Prompt> Copy, exactly as written, the lines that begin at the one containing "环境很优美,很安静,又很雅致" and end at the one containing "Floating Glitter Star". Skip any pictures in the data below.
Task material Block Start
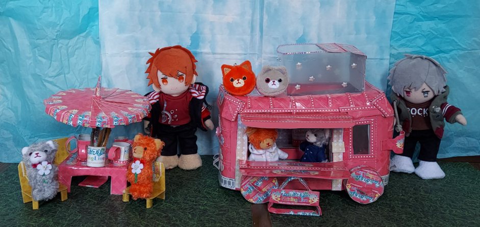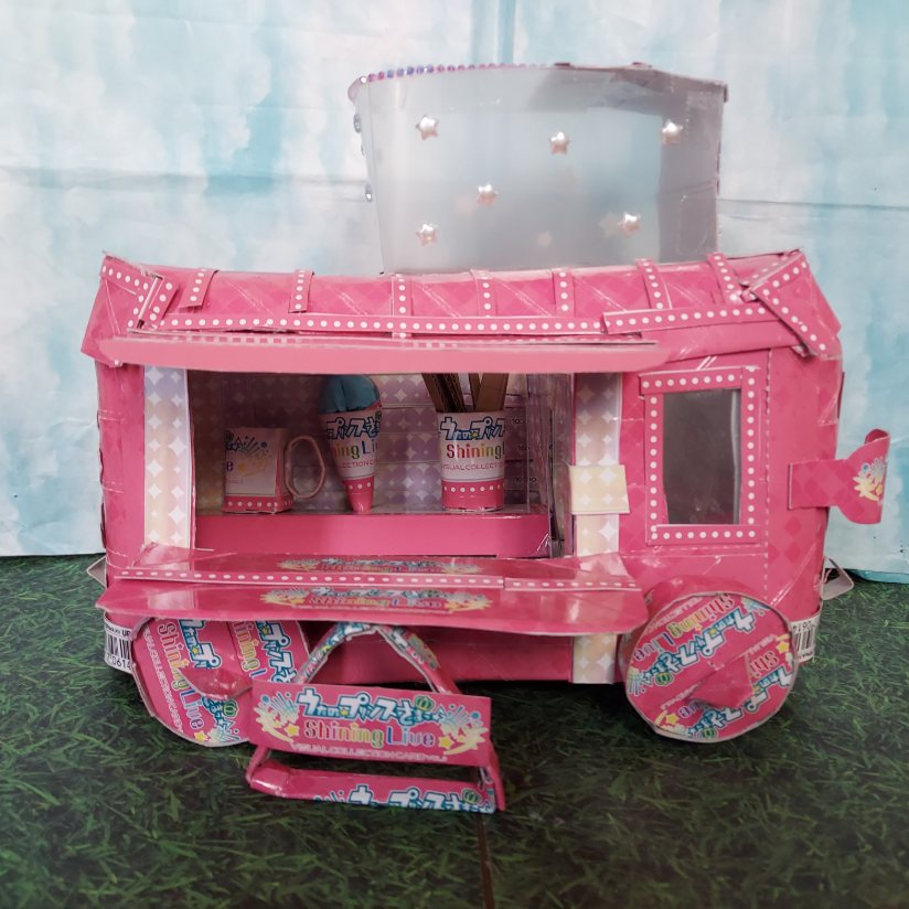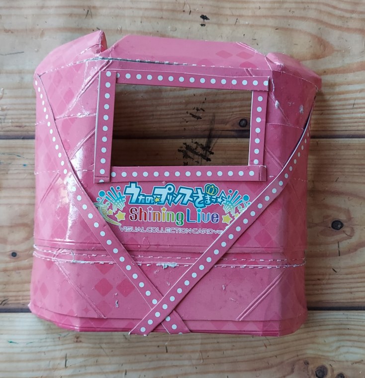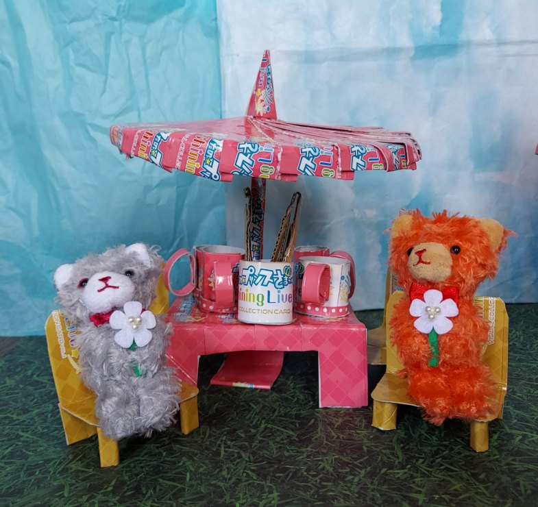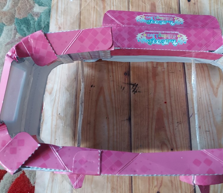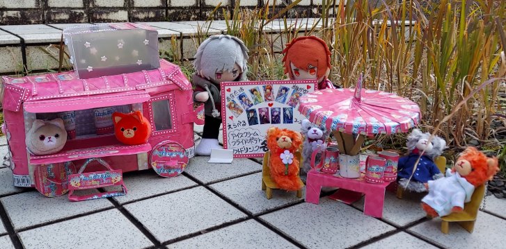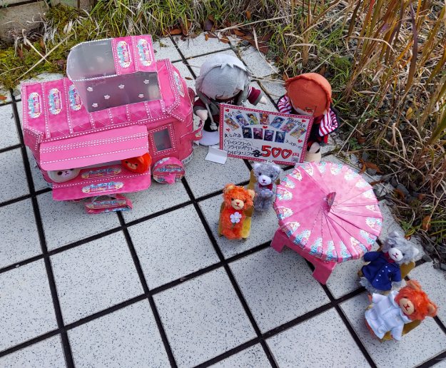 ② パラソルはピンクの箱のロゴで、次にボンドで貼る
Task material Block End
Task material Block Start
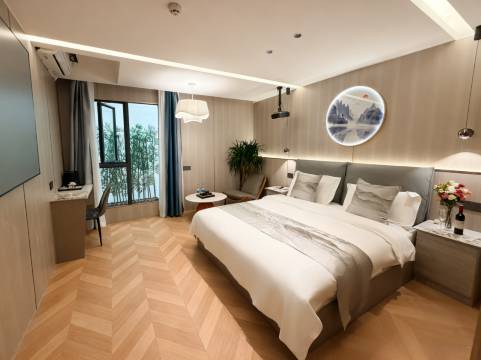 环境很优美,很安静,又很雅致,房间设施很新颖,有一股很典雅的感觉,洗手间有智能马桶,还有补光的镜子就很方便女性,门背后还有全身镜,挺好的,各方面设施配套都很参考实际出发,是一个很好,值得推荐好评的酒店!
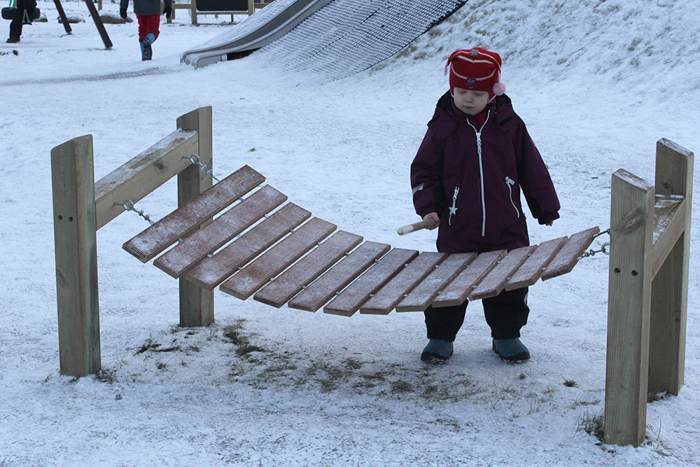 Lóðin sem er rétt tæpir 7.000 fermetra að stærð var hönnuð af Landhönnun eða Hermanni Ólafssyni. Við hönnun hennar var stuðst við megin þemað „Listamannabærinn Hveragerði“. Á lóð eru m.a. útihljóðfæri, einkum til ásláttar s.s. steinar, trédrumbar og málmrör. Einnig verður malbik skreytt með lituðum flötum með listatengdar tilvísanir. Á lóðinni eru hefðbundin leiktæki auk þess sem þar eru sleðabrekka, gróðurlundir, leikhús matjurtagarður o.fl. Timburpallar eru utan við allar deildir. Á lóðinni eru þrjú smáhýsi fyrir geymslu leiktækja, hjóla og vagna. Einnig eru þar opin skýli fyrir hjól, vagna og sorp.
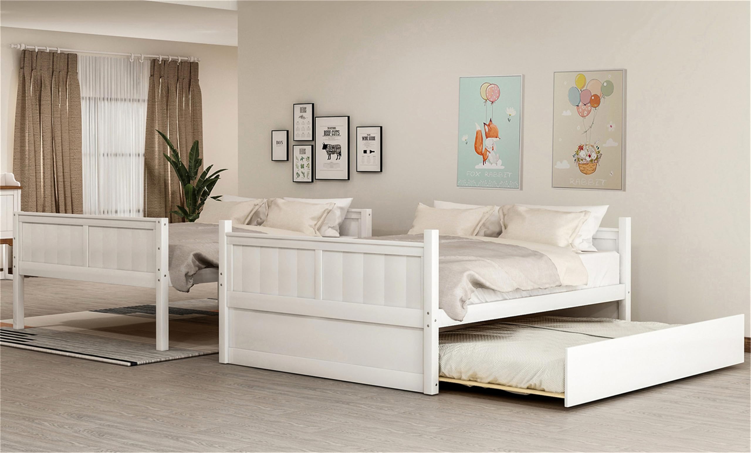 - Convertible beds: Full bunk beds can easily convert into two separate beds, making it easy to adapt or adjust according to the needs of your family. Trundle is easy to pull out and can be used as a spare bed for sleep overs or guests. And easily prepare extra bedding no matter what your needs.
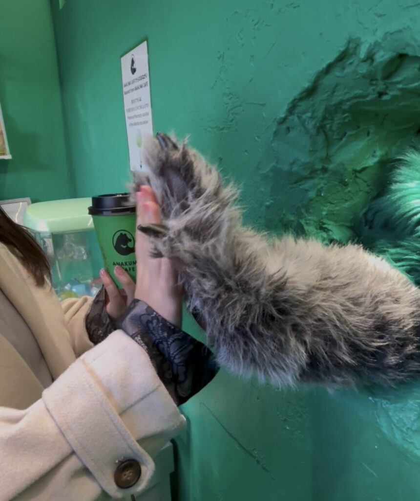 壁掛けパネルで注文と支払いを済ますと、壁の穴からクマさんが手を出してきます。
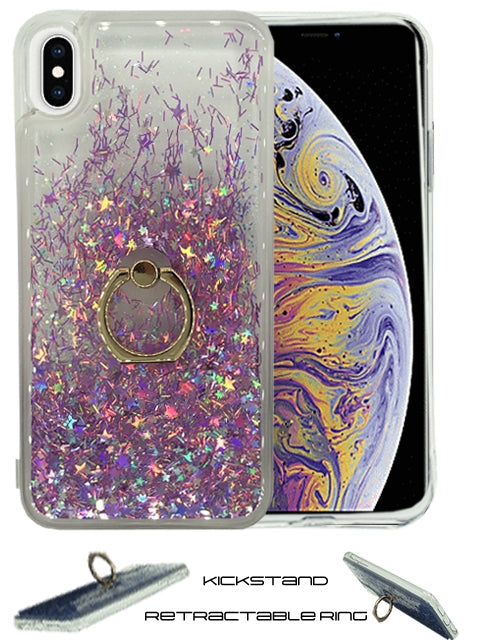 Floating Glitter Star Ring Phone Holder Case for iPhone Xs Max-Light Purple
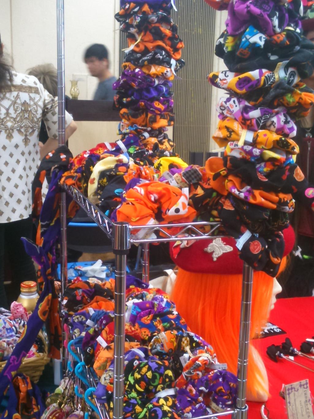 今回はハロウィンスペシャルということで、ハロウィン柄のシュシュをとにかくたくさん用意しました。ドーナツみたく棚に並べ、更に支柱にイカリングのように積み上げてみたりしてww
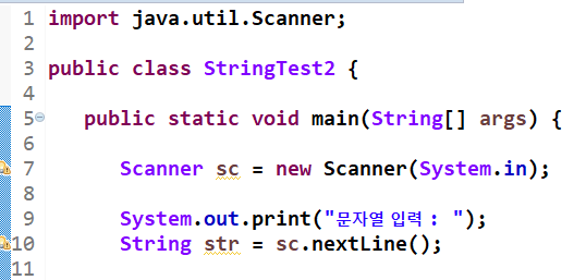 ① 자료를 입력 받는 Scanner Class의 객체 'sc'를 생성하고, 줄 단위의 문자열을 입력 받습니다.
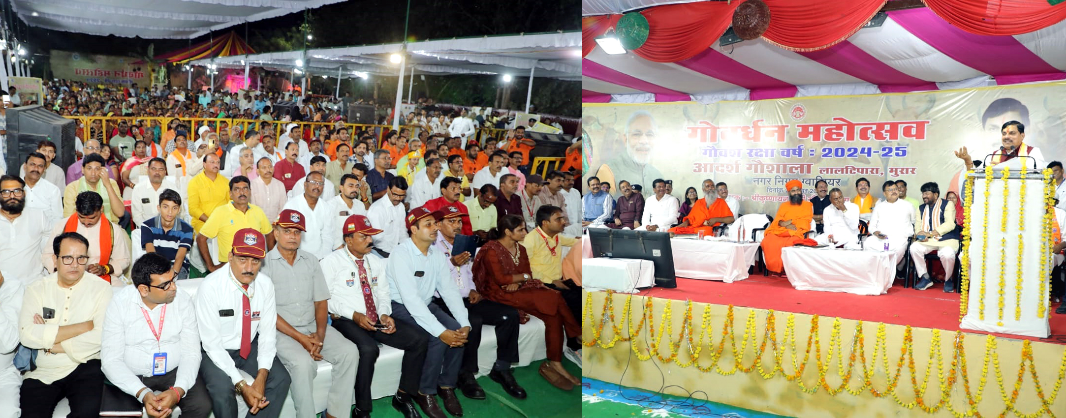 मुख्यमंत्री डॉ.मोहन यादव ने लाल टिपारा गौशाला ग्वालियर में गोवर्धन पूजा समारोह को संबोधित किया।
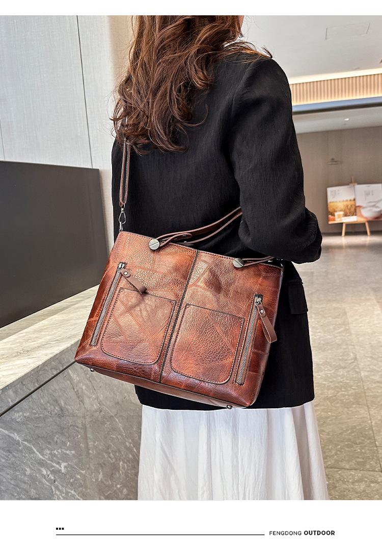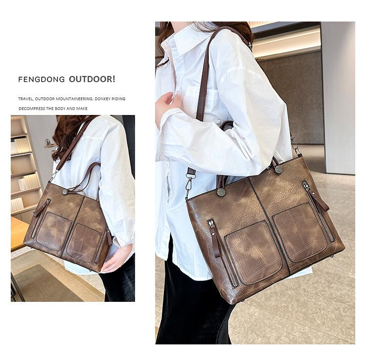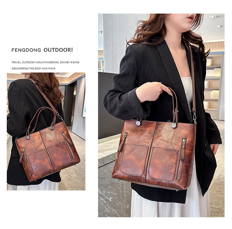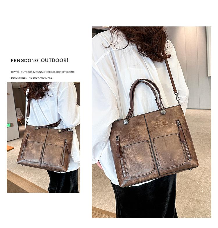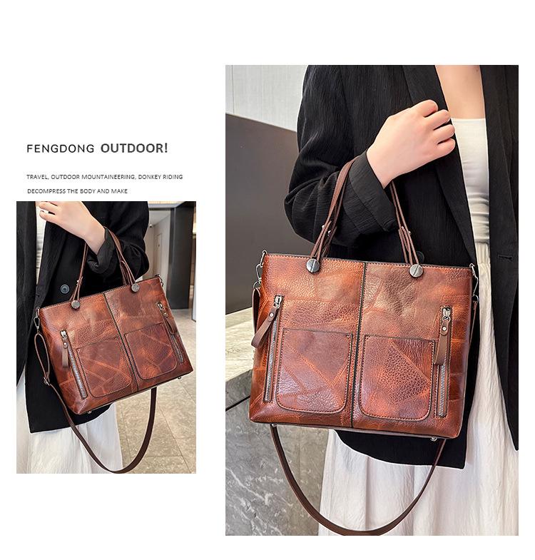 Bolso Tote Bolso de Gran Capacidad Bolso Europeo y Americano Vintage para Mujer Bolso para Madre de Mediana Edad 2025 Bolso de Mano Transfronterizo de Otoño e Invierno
Task material Block End
Result of this task>
 环境很优美,很安静,又很雅致,房间设施很新颖,有一股很典雅的感觉,洗手间有智能马桶,还有补光的镜子就很方便女性,门背后还有全身镜,挺好的,各方面设施配套都很参考实际出发,是一个很好,值得推荐好评的酒店!
 Lóðin sem er rétt tæpir 7.000 fermetra að stærð var hönnuð af Landhönnun eða Hermanni Ólafssyni. Við hönnun hennar var stuðst við megin þemað „Listamannabærinn Hveragerði“. Á lóð eru m.a. útihljóðfæri, einkum til ásláttar s.s. steinar, trédrumbar og málmrör. Einnig verður malbik skreytt með lituðum flötum með listatengdar tilvísanir. Á lóðinni eru hefðbundin leiktæki auk þess sem þar eru sleðabrekka, gróðurlundir, leikhús matjurtagarður o.fl. Timburpallar eru utan við allar deildir. Á lóðinni eru þrjú smáhýsi fyrir geymslu leiktækja, hjóla og vagna. Einnig eru þar opin skýli fyrir hjól, vagna og sorp.
 - Convertible beds: Full bunk beds can easily convert into two separate beds, making it easy to adapt or adjust according to the needs of your family. Trundle is easy to pull out and can be used as a spare bed for sleep overs or guests. And easily prepare extra bedding no matter what your needs.
 壁掛けパネルで注文と支払いを済ますと、壁の穴からクマさんが手を出してきます。
 Floating Glitter Star Ring Phone Holder Case for iPhone Xs Max-Light Purple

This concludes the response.